おままごとの続き

作:あおみどろ



 大きな和室。一面に敷き詰められた畳は表面が滑らかで、小さな子の柔らかい頬に触れても摩擦の一つもおきそうにならない。幼児用の椅子に座り、机を挟んで私ととても可愛らしい男の子が座っている。机の周りや下には、通常サイズよりも一回り小さな鍋やフライパン、お玉に何も切れない包丁、精巧に作られた偽物の人参、玉ねぎ、じゃがいも、ブロッコリー、白地に金色の細工がほどこしてある食器一式などが散らばっていた。あたしは物が散乱する机の真ん中に無理矢理スペースを作ると、得意気に小さな白い箱を置いた。男の子は漂ってくる甘い香りに、その箱の中身を察して思わず立ち上がる。あたしはそんな男の子の目の前に手のひらを向けて静止を促す。

「ため!ちゃんといいこにしてないと、けーきはあげません」

 男の子はしおしおと着席した。あたしは良くできましたと男の子の頭を撫でる。

「いちごのとちょこのがあります。いおりちゃんは、どっちがいい?」

「えらんでいいの?」

「うん」

 そう言うと、男の子は大きな目を更に大きくしてキラキラさせていた。

 かわいい。

 とてもかわいい。

「おかーさん!」

 まだまだ声変わりの前兆もみせない高い声が、あたしのことを呼んだ。そう、あたしは母なのだ。この玉のように可愛らしい子供の。この子の健やかな健康のために食事を用意し、夜を怖がるこの子のために子守唄を歌い、いけないことをしたら優しくも厳しく諭さなければならない。けれど、この男の子にそう呼ばれる人間はあたしだけではない。あたしが偽物で、あっちが本物。そんなのずるい。あたしだってこの子を愛しているのに。どうして。

「……おかーさん?」

 あぁ、怖い顔をしてはいけない。この時だけは、あたしはこの子のお母さんなのだから。


*****


 昼食の時間、僕はいつも屋上で食べる。この学校の屋上は棟と棟の間にあって、移動する時や部活で使うとき、お昼を食べるときだって自由に使っていいことになっている。以前はいろんな生徒がお昼を食べていたらしいが、いまはほとんど人が寄り付かなくなってしまっている。
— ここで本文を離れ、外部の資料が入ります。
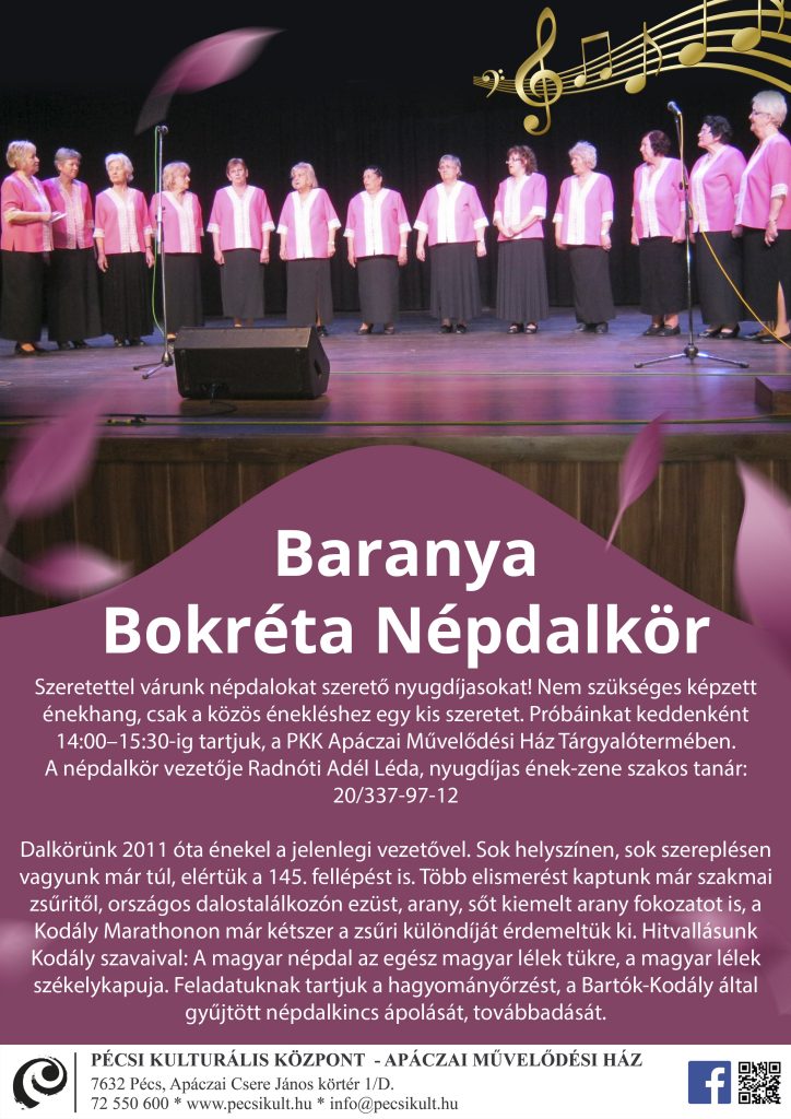 Nevükhöz híven először csak baranyai népdalokat énekeltünk, később választottunk más megyék szép dalai közül is. Összesen 28 népdalcsokrunk van, ha valamelyik helyszínen már többször szerepelünk, soha nem énekeljük ugyanazt.

さて、僕はそんな場所で今日もお昼を食べようと、備え付けのベンチに座り、持ってきた袋を膝の上に置いた。学校の近くにコンビニがあって良かったと心から思う。いくら甘いものを買っても変に思われないからだ。食堂にもスイーツ系のメニューはいくつかあるが、それだけを頼むなんて目立つことはしたくない。僕に取ってスイーツとは、デザートではなく主食なのだ。コンビニのロゴが入ったビニール袋に手を突っ込み、適当に一つ取り上げる。この袋の中には僕の好きなものしか入っていないから、何が出てきても良いのだ。出てきたのはチョコレートがかかったドーナツ。僕は内心喜んでドーナツの袋を開けた。そもそもチョコレートは大好きだし、やんわりと甘い生地系のものも好きだ。サーターアンダギーとかホットケーキとか。特にこのドーナツは全体にチョコレートがたっぷりかかっているからなおよし。僕は大きく一口、ドーナツにかぶりついた。口の端に溶けかけていたチョコレートがべっとりと付いてしまった。夏が近づいてきているせいで、最近めっきり気温が高くなったせいだろう。僕はコンビニで会計をしたときにもらったお手拭きで口元を拭った。甘いドーナツを咀嚼して飲み込むが、のどが詰まりそうな感覚がした。いっしょに買ってきた牛乳のパックを取り出して、ドーナツをなんとか流し込んだ。僕はわりと、のどが詰まりそうな食べ物が好きだったりする。あと、口の水分全部持っていく系のお菓子も好きだ。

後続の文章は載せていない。